Generative Art Musings

Trust me, I know that there are aspects of “AI Art” that can be questionable or problematic. In fact, one of the reasons I decided to do the Stable Diffusion seminar at Dundracon last year was because of that.
Someone suggested that they’d like to see a seminar on the topic, and I offered the opinion that any discussion of generative art should at least acknowledge some of the issues and concerns. The person that had asked for the seminar (who I am fairly certain did not attend), then proceeded to be offended and make inflammatory remarks about “AI art haters”.
And so, I decided that *I* would do the seminar so I could make sure that content was discussed… make of that what you will. 🙂
So, some of this is in the seminar deck itself, but it doesn’t hurt to repeat things here. The tl;dr is that I feel that the tech is here to stay, and will become another tool available for artists. I can remember a time when people were hostile to Desktop Publishing, and programs like Photoshop. History rhymes…
Environment Concerns: These are legitimate—especially at scale.
- Stable Diffusion is open source software, and you can (and many people do) run it locally. If you’re patient, it can run on hardware that’s five or more years old. A Windows machine with an NVIDIA RTX 20-series card and sufficient RAM is typically enough.
- Running locally doesn’t eliminate environmental impact, but it does shift it. You’re using the electricity your machine already consumes rather than relying on a remote data center. That said, local generation is not “free” from an energy perspective—it still draws power—but it generally avoids the additional infrastructure overhead of large-scale cloud services.
- At scale is where environmental concerns become more pronounced. Services like Midjourney and DALL·E rely on large data centers. However, this isn’t unique to generative art; it’s true of most
cloud-based services.
Training Ethics Concerns: Yes—many generative art models have been trained on large datasets that include copyrighted works, often scraped from the public web without explicit artist permission. That is a real and ongoing controversy.
- Most models are trained on extremely large datasets containing millions (not just tens of thousands) of images from many sources. The models do not store images in a retrievable way, nor do they intentionally “copy” specific works under normal use. However, concerns about consent, attribution, compensation, and stylistic mimicry remain valid.
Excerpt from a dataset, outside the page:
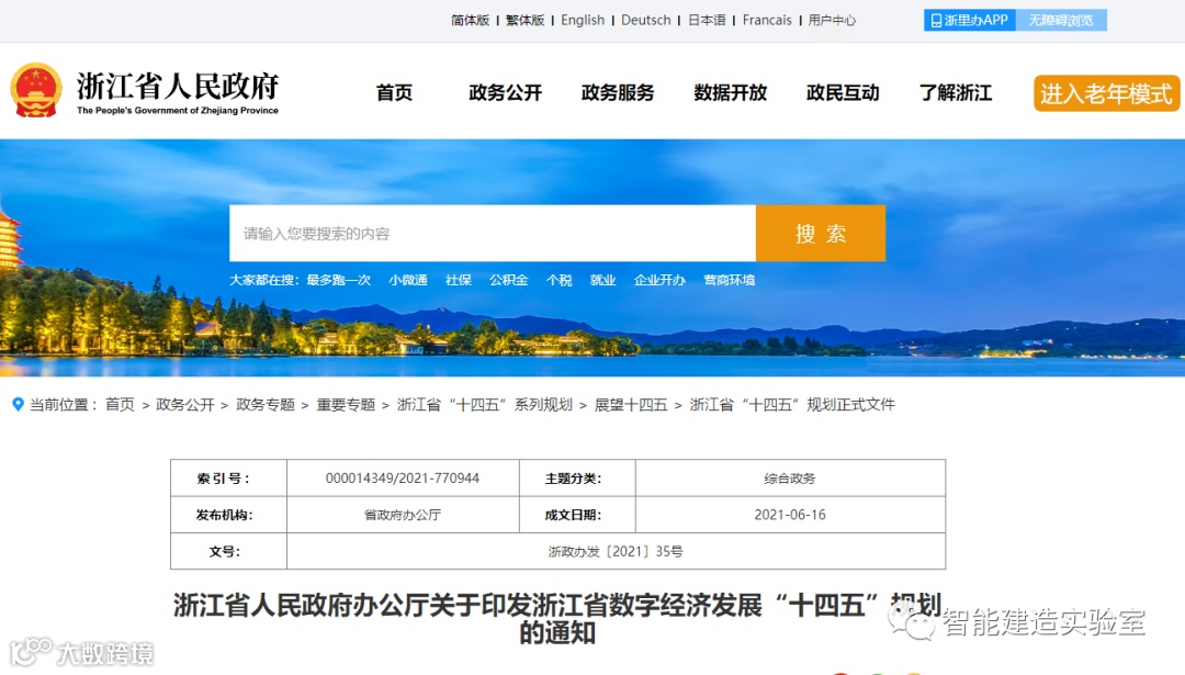 浙江省人民政府办公厅发布《浙江省数字经济发展“十四五”规划》
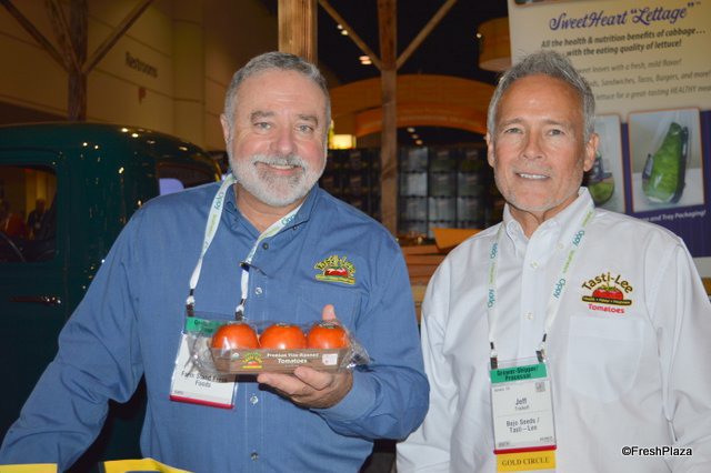Jose Marrero with Farm Stand Fresh Foods and Jeff Trickett with Bejo Seeds, showing organic Tasti-Lee tomatoes.

- It’s easy to oversimplify either direction:
“They’re just copying artists” isn’t technically accurate in most cases.
“It’s just how humans learn” also isn’t a perfect analogy. - The reality is more complex. A deeper explanation would require unpacking how diffusion models are trained and how they represent visual patterns—probably a topic for another post.
Legal Concerns: I am not an intellectual property attorney.
- In the United States (as of current U.S. Copyright Office guidance), purely AI-generated works without meaningful human creative input are generally not eligible for copyright protection. However, works that involve substantial human authorship—selection, arrangement, editing, transformation—may qualify for protection in those human-created elements.
- This means that if you publish something that is largely machine-generated with minimal human modification, your ability to assert copyright protection may be limited. Laws and interpretations are still evolving, and this varies by jurisdiction.
- If this matters for your use case, consult an IP lawyer.
Commercial Use Concerns: Related to the above.
- If you are a publisher using generative art, you need to understand:
- Copyright protection may be limited.
- Distribution platforms may require disclosure of AI-generated content.
- Some customers may object to generative assets.
- Policies vary by publisher and distributor. Always review platform rules and consider legal advice before commercial release.
Disclosure: What is or isn’t “AI art” can become murky.
My view: don’t claim machine-generated work is entirely hand-created. Be transparent. One of the broader concerns around AI systems is trust—what is real, what is synthetic, what is authored. Clarity helps.
With all that said, I still consider generative art a tool. Tools can be misused—but responsibility lies primarily with the user, within reason.
What I would recommend:
- If you can generate locally, consider doing so. It reduces reliance on large centralized platforms and gives you more control over your workflow. Stable Diffusion, as free and open-source software (FOSS), makes that possible.
- Avoid models explicitly trained to mimic a specific living artist’s style. If you admire a particular artist’s aesthetic, support them directly—Patreon, Ko-fi, or wherever they maintain a presence.
- If you plan to publish professionally, disclose generative assets and consult an IP attorney. Requirements and norms are changing quickly.
- I personally avoid photorealistic content. If you generate photorealistic images, do not create images of real identifiable individuals—living or dead—without clear legal rights to do so. Laws around publicity rights, defamation, and likeness vary by jurisdiction and can carry real consequences.
And no, I’m not that skinny. I do have a cute orange tabby though. His name is Butters.